INSTRUCTIONS FOR THE TASK - The data below holds the lines to copy: everything from the line containing "9.大日山(だいにちさん)1" to the line containing "Fast forward a", both ends included, set down exactly.

DATA RECORDS -
-- -- --

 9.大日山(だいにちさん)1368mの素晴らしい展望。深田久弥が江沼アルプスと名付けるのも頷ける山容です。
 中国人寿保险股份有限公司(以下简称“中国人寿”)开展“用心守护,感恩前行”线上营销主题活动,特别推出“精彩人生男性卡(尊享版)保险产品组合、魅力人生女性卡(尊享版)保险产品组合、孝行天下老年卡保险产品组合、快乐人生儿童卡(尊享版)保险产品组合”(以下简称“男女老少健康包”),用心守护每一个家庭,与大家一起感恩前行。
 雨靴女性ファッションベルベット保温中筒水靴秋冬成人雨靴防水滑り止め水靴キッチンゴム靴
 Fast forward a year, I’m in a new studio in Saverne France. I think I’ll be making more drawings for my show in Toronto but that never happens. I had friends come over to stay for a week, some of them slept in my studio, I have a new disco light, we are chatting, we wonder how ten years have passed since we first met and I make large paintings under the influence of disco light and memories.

-- -- --

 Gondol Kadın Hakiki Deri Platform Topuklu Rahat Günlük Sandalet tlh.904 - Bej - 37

-- -- --

ANSWER TO THIS EXERCISE -
 9.大日山(だいにちさん)1368mの素晴らしい展望。深田久弥が江沼アルプスと名付けるのも頷ける山容です。
 中国人寿保险股份有限公司(以下简称“中国人寿”)开展“用心守护,感恩前行”线上营销主题活动,特别推出“精彩人生男性卡(尊享版)保险产品组合、魅力人生女性卡(尊享版)保险产品组合、孝行天下老年卡保险产品组合、快乐人生儿童卡(尊享版)保险产品组合”(以下简称“男女老少健康包”),用心守护每一个家庭,与大家一起感恩前行。
 雨靴女性ファッションベルベット保温中筒水靴秋冬成人雨靴防水滑り止め水靴キッチンゴム靴
 Fast forward a year, I’m in a new studio in Saverne France. I think I’ll be making more drawings for my show in Toronto but that never happens. I had friends come over to stay for a week, some of them slept in my studio, I have a new disco light, we are chatting, we wonder how ten years have passed since we first met and I make large paintings under the influence of disco light and memories.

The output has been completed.